_INPUT MATERIAL_:
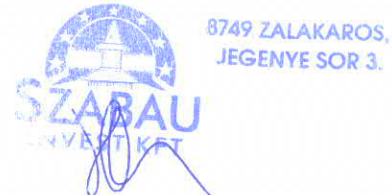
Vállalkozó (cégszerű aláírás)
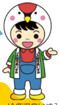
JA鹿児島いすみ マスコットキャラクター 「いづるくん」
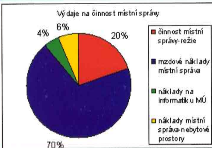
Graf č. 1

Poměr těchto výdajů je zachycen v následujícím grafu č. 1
* * *
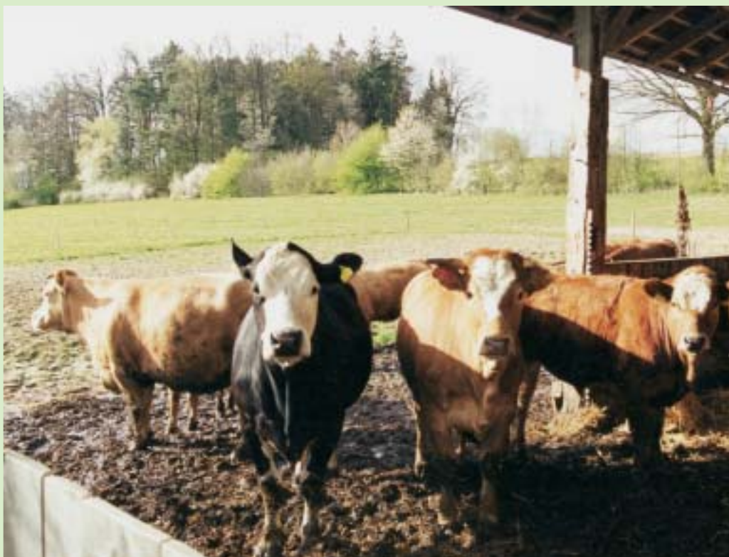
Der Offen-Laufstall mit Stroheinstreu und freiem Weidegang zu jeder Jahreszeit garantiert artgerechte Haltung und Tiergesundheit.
--
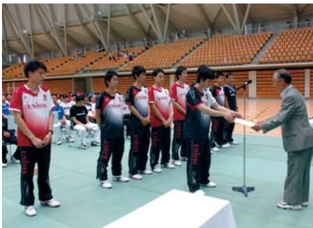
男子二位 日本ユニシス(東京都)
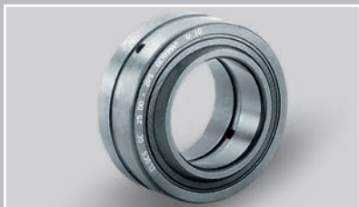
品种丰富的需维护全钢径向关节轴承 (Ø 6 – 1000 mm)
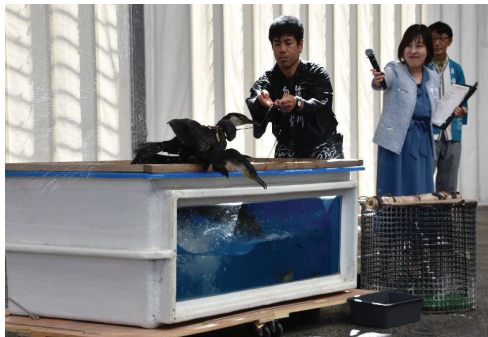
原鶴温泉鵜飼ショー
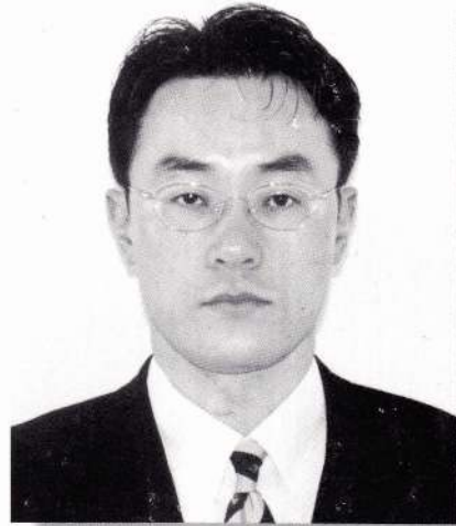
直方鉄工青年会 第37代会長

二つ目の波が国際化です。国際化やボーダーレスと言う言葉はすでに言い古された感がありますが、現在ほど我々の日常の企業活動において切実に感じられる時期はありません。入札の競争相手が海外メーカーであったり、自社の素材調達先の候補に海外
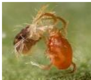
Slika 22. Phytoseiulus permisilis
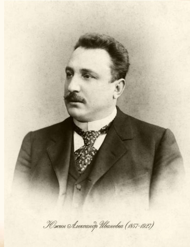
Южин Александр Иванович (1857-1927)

_ASSIGNED TASK_: Output exactly, and only, the lines of the entries above from the one with "Vállalkozó (cégszerű aláírás)" up to and including the one with "Poměr těchto výdajů"; pictures are to be left out.

_THE COMPLETED TASK_:
Vállalkozó (cégszerű aláírás)
JA鹿児島いすみ マスコットキャラクター 「いづるくん」
Graf č. 1

Poměr těchto výdajů je zachycen v následujícím grafu č. 1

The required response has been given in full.